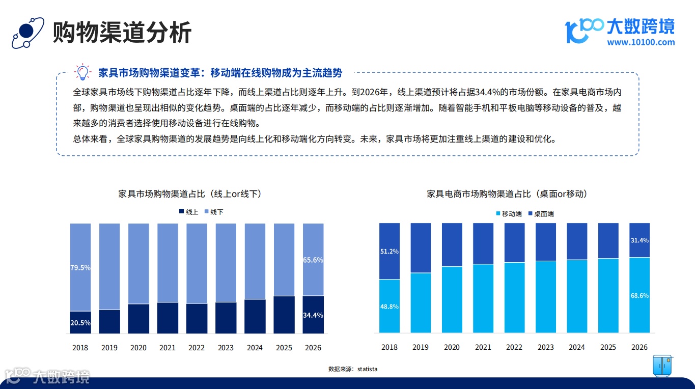全球家具购物渠道的发展趋势是向线上化和移动端化方向转变。到2026年,线上渠道预计将占据34.4%的市场份额。在家具电商市场内部,购物渠道也呈现出相似的变化趋势。桌面端的占比逐年减少,而移动端的占比则逐渐增加。未来,家具市场将更加注重线上渠道的建设和优化。
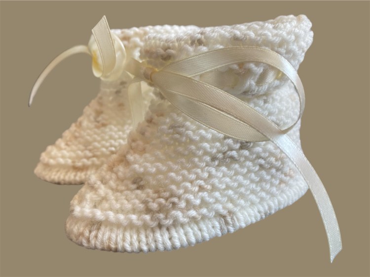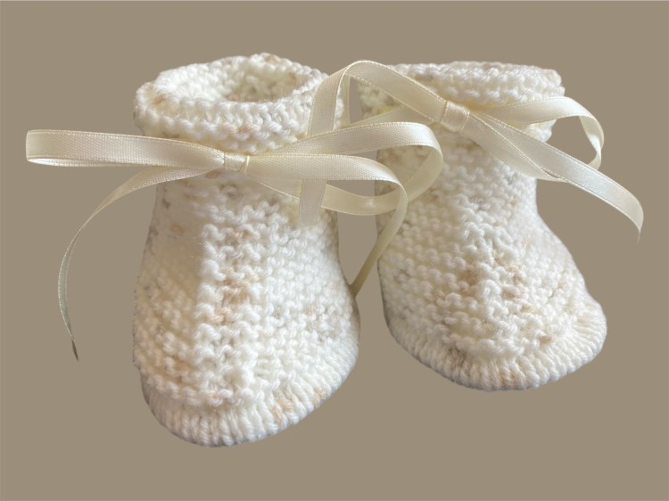 The booties are quite easy to knit using only garter stitch (knit every row).
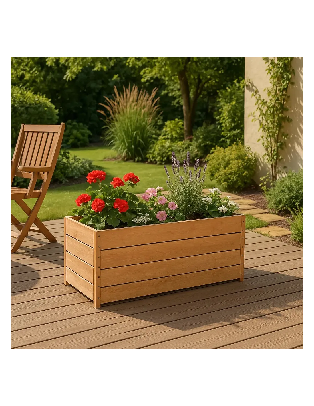 Bac à fleurs rectangulaire en bois exotique pour terrasse – Disponible en plusieurs dimensions
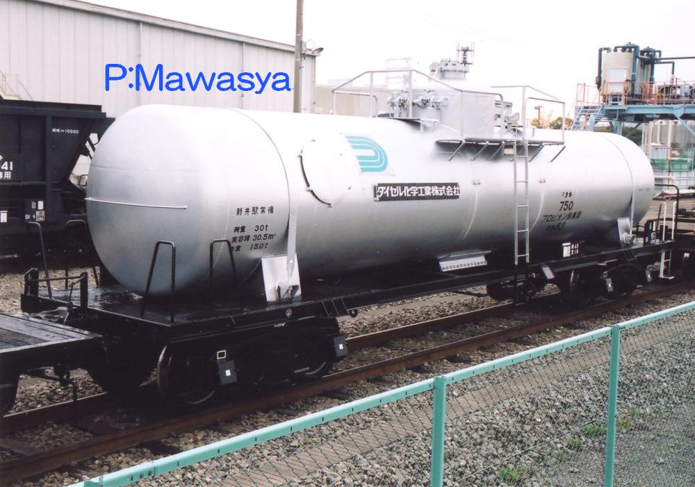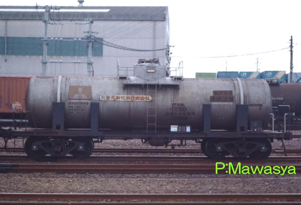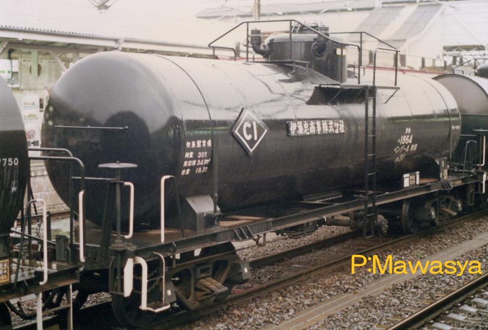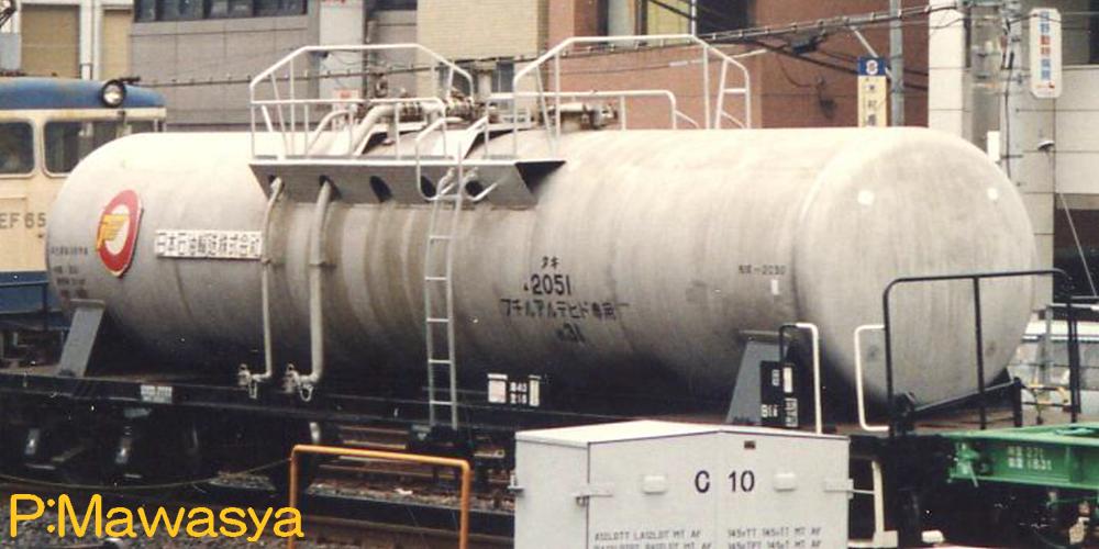 昭和39年に1両が製作されたプロピオン酸専用車です。全長が12mを超えているのにもかかわらず、車体長12m以下を意味する「コ」の特殊標記符号が付けられているのが特徴です。タンク体は腐食性のある積荷である為、ステンレス製となっています。写真は車体に沿って設置されていた液出管と空気管が撤去された晩年の姿です。平成19年に形式消滅しています。

----

YOUR GOAL - Copy nothing but the lines from the top of the data down to the line containing "Bac à fleurs", and leave the pictures out.

ANSWER BELOW -
全球家具购物渠道的发展趋势是向线上化和移动端化方向转变。到2026年,线上渠道预计将占据34.4%的市场份额。在家具电商市场内部,购物渠道也呈现出相似的变化趋势。桌面端的占比逐年减少,而移动端的占比则逐渐增加。未来,家具市场将更加注重线上渠道的建设和优化。
 The booties are quite easy to knit using only garter stitch (knit every row).
 Bac à fleurs rectangulaire en bois exotique pour terrasse – Disponible en plusieurs dimensions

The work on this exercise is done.